Liz Somes
Getting Your Priorities Straight
My dad was a trial attorney at first. It challenged him, and he liked it, but after a few years of stressful 80-hour workweeks, a cushy corporate attorneyship began to look really appealing. In 1976, he abandoned the courtroom for a job he ended up hating for 30 years. To compensate, he moonlighted as a stock trader. He would come home from work and, after eating dinner with my mom and brother and me, he’d dive into his piles of Stocks and Commodities magazines, devour the Financial Times, and delight in The Nightly Business Report. TV, golf, buying fancy big barbecues (or whatever dads do for fun) didn’t butter his biscuit like trading did. So, he wasn’t one of the lucky few who could make his passion into a 9-to-5, but he was able to make it a very sizeable part of his life.
I told my boss this recently. He asked me a very reasonable question: why did my dad give up something he enjoyed (he did enjoy private practice, even though it gave him unrelenting heartburn) for something he hated (three decades of stultifying mergers and acquisitions law)? I replied that 80-hour workweeks were unsustainable for him, what with a young family and the heartburn. My boss remarked, “Sounds like he had work-life balance issues.”
My boss was exactly wrong. Ironically wrong. Even with one and a half jobs, my dad always had time for us. He solicited time for us. He would nag me to play racquetball with him Sunday afternoons in high school. He was home for dinner every night and drove us to school every morning. My boss, on the other hand, works trial-attorney hours. His wife works on Wall Street, where he met her, and they have an 8-month old daughter. For a few years he was a derivatives trader before hatching this start-up where I currently work. (Now it’s me who’s getting the heartburn, but that’s a different story, something called “New York Start-Up Culture Is Super Intense.”) It seems that the most they see their baby is via nanny cam.

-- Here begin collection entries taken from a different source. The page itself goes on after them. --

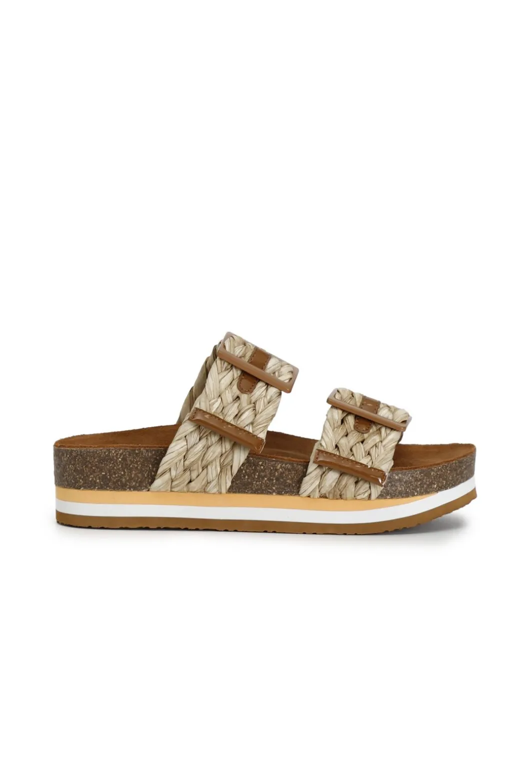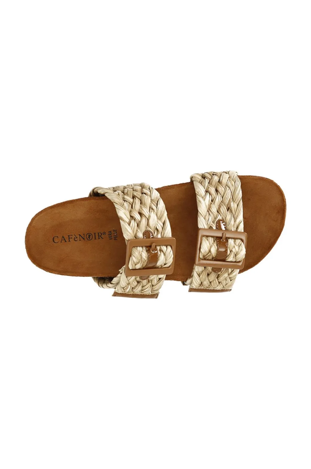 ciabatte doppia fibbia in raffia intrecciata cuoio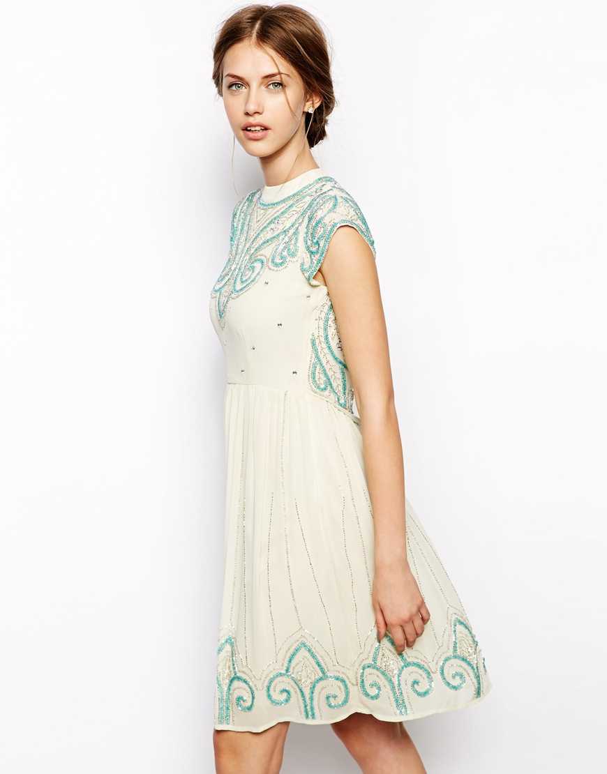 Яркие элементы декора подходят для нарядов пастельных тонов. Для вечернего платье допускается использовать большое количество бисера и бусин.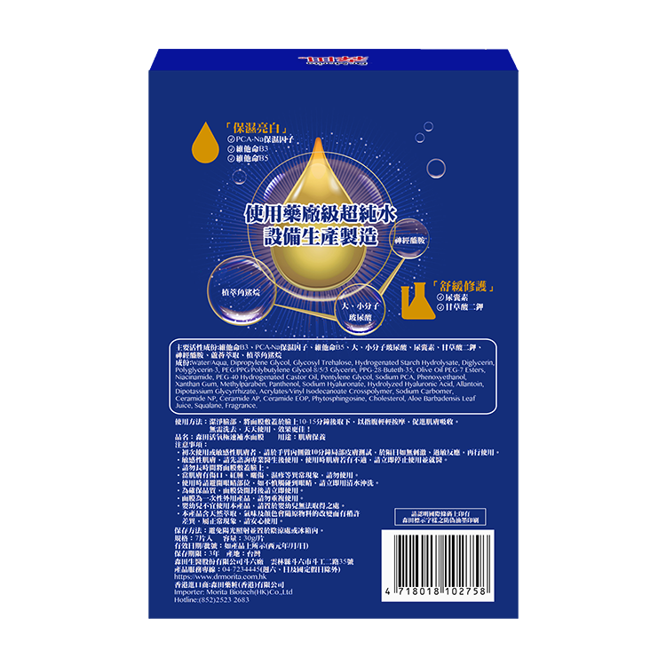 植萃角鯊烷、PCA-NA保濕因數, 有效瞬效鎖水、瞬效滋潤。

This isn’t meant to be an indictment of the Big Bad Boss. I wish my dad had been a little more professionally courageous. It is meant to partially be an example of how one’s passion doesn’t necessarily have to be translated into a career, and partially proof that work-life balance is achievable. But mostly it is a “thank you” to my dad.
One day last week, my boss brought in his daughter—he had “Daddy Duty” because they’d just fired their nanny. Watching him with her (cute, I have to admit) made me think of my dad and this picture I have next to my bed. We’re on the beach, and he’s wearing these 80’s-fabulous shorts and a Gilligan hat. I’m wearing a life jacket and pointing at the camera.
Last year my dad passed away from a leukemia-like disease. I miss talking to him about life, its meaning and purpose, and I miss his zealous attempts to make me into a trader.